Reading with Instead of Reading to: Picture Book Possibilities with Middle School Assistant Nadja

photo credit: Kelsey Kobik

Once our middle school hit its full capacity for the 2022-23 school year, Nadja Tiktinksy joined us in our newly created position of middle school assistant teacher. As middle school assistant teacher, Nadja spends one full day with each classroom teacher per week, helps students one-on-one with their work, teaches a range of creative electives, and steps in as primary coverage whenever a middle school teacher is out. As often happens at Friends School, there was some cross-pollination which led to her sharing her expertise and passion beyond the middle school hallway. Sara Primo sat down with Nadja Tiktinsky to talk about a topic they both share a love for: taking picture books and young people as readers seriously!


Tell me about your passion for picture books. When did it start? What about picture books excites you?


When I did my MFA in children’s literature, I had the opportunity to deep-dive into the mechanics of picture books. Picture books, in my opinion, are the most elevated art form. There is just so much opportunity to create meaning - using page breaks, blank space, end papers, gutter, text size, spot art, etc. In the best picture books, words and illustrations each do half the storytelling, sometimes complementing and sometimes countering each other. Preschoolers talk a lot about not bumping each other’s words (interrupting), and that’s important in a picture book, too - the words and illustrations can’t bump into each other’s storytelling work, creating redundancies. They have to leave room for each other.


Q. What have you been doing with preschoolers specifically?


Ashley and I had a conversation earlier this year about a theory book I’d recently read, Reading Picture Books With Children by Megan Dowd Lambert. That’s opposed to “to” children. Lambert’s research on her “Whole Book Approach” shows that children understand, retain, and analyze on a higher level when they interact with books instead of just listening to them. She advocates giving children the technical language necessary to describe what’s happening in a book, and encouraging them to interrupt and comment during reading. Ashley invited me to come to preschool once a week to introduce the Whole Book Approach to her class.


When I read with the preschool, I say, “We’re going to read this book together. I’ll read the words to you, and you’ll read the pictures to me.” Then I’ll explain a technical term that I think will be helpful. For example, before we read Hot Dog by Doug Salati, I introduced the term “gutter”. The gutter is the centerline of a book, where two open pages meet. It’s often used to separate and group images. Hot Dog is about a dog overheating on a summer day, and the kids noticed that when the dog was upset, the gutter separated it from its owner. When the owner takes her dog to the beach, they’re shown on the same side of the gutter. The kids’ technical knowledge enhanced their ability to track the emotional story through the images. As I read, I stop on every page and give time for responses. Sometimes I ask, “what do you notice about this page?” or remind the kids of a technical term, i.e. “what do you notice about blank space here?” but I try not to prompt more than that. 

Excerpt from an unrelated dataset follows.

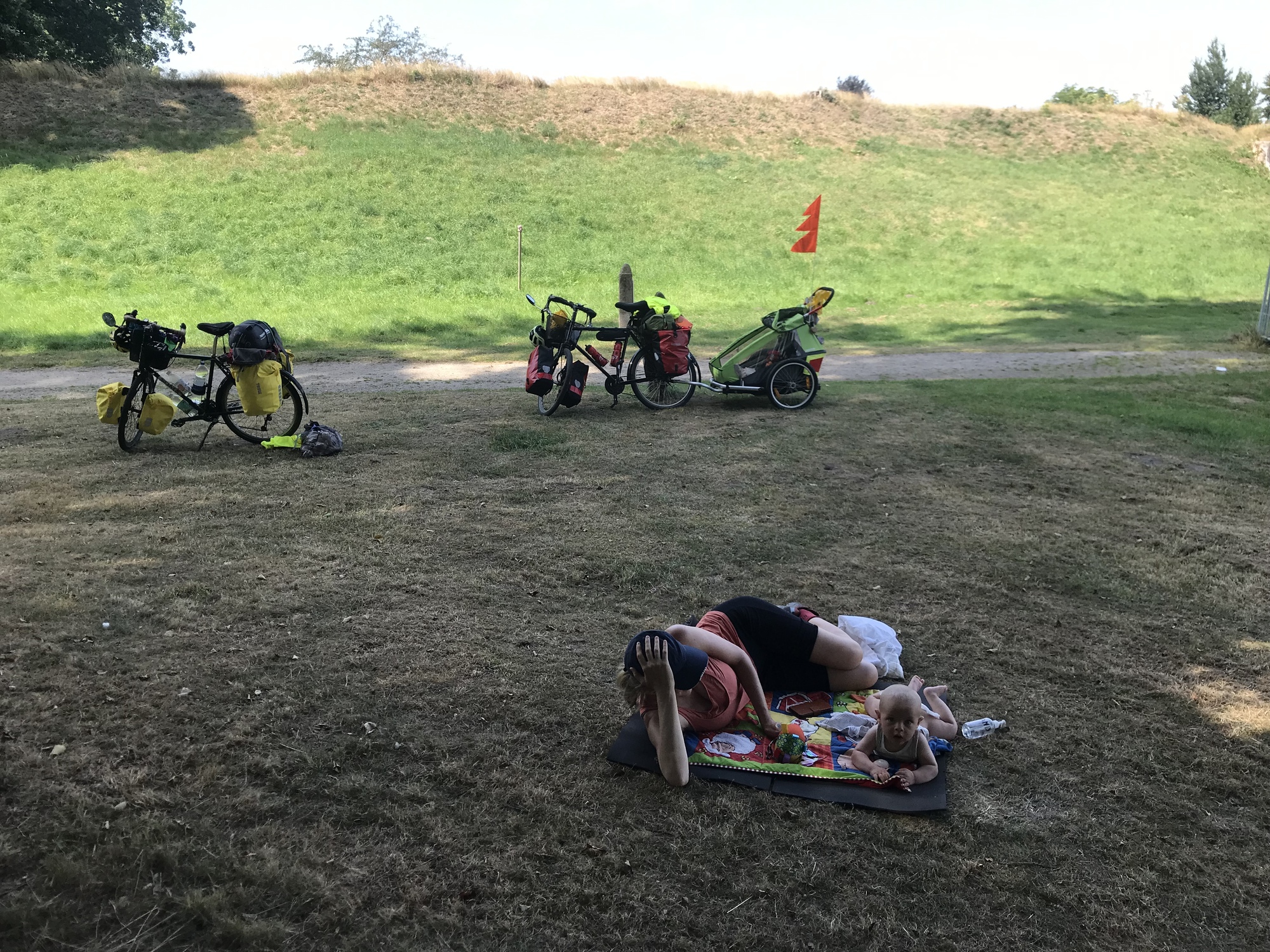 We took that break at Danevirke, at a very cool and appropriate spot. It was the place where the border between Denmark and Germany used to be, with a big wall having been constructed by the Danes to protect their land during the Middle Ages. This place where we sat eating our peanut butter and jam sandwiches was once the only gate along the whole border wall. We tried to explain the significance to Kevin but I’m not sure he really understood, but we did play some very fun games with his little colorful ball.

How have you analyzed picture books with middle schoolers?... and how has it gone?


What’s interesting is that what I’ve done with middle schoolers and preschoolers is exactly the same. However, preschoolers, who look at picture books all the time, are primed to do visual analytical work. Just being invited gets them there. Middle schoolers have to be prompted more. With older kids, I’ve also picked books that are more emotionally or topically challenging, on par with what they’re learning in Humanities. 


Q. What are you hoping this leaves students with? How do you see this connecting with other work that goes on at FSP?


What the preschoolers are doing is high-level art and story analysis. They are noticing and discussing symbolism, foreshadowing, theme, foils, and character development in the books we read. This is foundational work that they will build upon for the rest of their academic lives. At FSP, we think a lot about capability, and I see the preschoolers feeling and acting capable as they read pictures. The beginning stages of reading and writing letters and words are really, really hard - it is a lot of work. I hope that as these kids begin that difficult work, they are buoyed by the capability with pictures they have built this year.